Which team underperformed the most?
This is an easy one, I'm afraid. Given its wealth, population, talent base and resources, England ought to be perennial high achievers on the international stage. Far from it. Instead, England are stuck playing a brand of cricket that simply cannot cut it in the modern era. The average strike rate at this World Cup was 89 runs per 100 balls (up from 62 in 1992); 270 from 50 overs, in other words, is merely par for the course. It was disheartening to hear Eoin Morgan, after England's exit, saying the plan had been "to fight" through to the knockout stage. How about "playing" to the quarter-final instead? Were Morgan's attacking instincts - usually so much more positive and expressive than the phrase he used - dulled by the cricketing culture surrounding him?
Should the next World Cup contract to ten teams once again?
Absolutely not. The Associates produced plenty of good cricket and some thrilling matches. Cricket needs to expand, not retract. Cricket is routinely described as the world's second-favourite team sport. But the game still faces a stern challenge to retain and expand its position within world sport. We need new faces, different voices and fresh cricketing cultures. While Australia deserve high praise for their resilient and positive cricketing culture, the fact that they have won four of the last five World Cups underlines the need to encourage new international teams. All sports, to a degree, rely on uncertainty and surprise. It won't suit anyone, even Australia, if dominance morphs into monopoly.
Is batting too dominant?
For all the talk of oversized bats and undersized grounds, it was a bowler, Mitchell Starc, who set the tone in the final. The counter-intuitive lesson of this World Cup is that the surest way - perhaps the only way - to stop devastating power-hitting is not canny containment but by fighting fire with fire. Take wickets or get smashed: that is the executive summary.

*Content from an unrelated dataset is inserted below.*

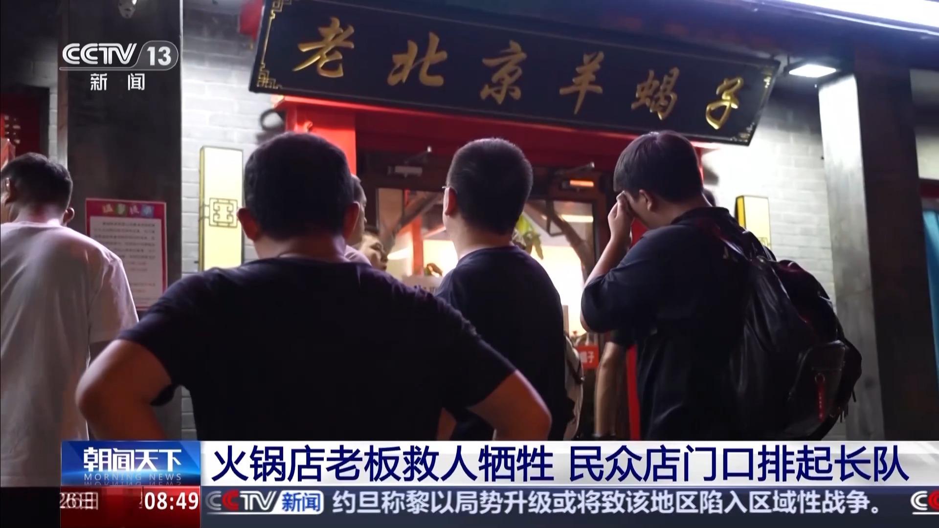 这几天北京市海淀区的一家火锅店突然“火”了,每天顾客络绎不绝,在门前排起长队,有的甚至得等上两三个小时。其实,很多人来这里并不是单纯为了吃饭,而是听说了火锅店老板为救落水儿童牺牲的事迹,大家想以这样的方式向英雄表达敬意。

Is there a place for proper batsmanship in the modern ODI game?
Definitely. David Warner's mindset might be ultra-positive, but the basics of his technique are absolutely sound. Alongside explosive power, Warner's game is also balanced, compact and uncomplicated. The challenge for selectors around the world is not to elevate sloggers who can bully bad teams but to identify proper batsmen with the potential to add new gears to their existing game. England, for example, should be looking to develop batsmen such as Alex Hales, who is capable of hitting good balls for four with relatively little risk. In the final, both Michael Clarke and Steven Smith showed real defensive skill and aptitude as well as flair and aggression.
Are there limits to "positivity"?
Brendon McCullum, so often the most aggressive of captains, did blink once during the final. When he moved second slip out of the cordon, Warner inevitably edged the very next ball. Ross Taylor dived across from first slip in vain; the ball would have travelled straight to second. Rather than blaming McCullum, we might reflect that some situations are so difficult, the odds so heavily stacked against you, that all the options look unappealing. Keeping the field up looks like suicide. But pushing the field out seems like merely prolonging the agony.
These days, the task of chasing the game - either in the field or with the bat - is deeply unenviable. Just ask England.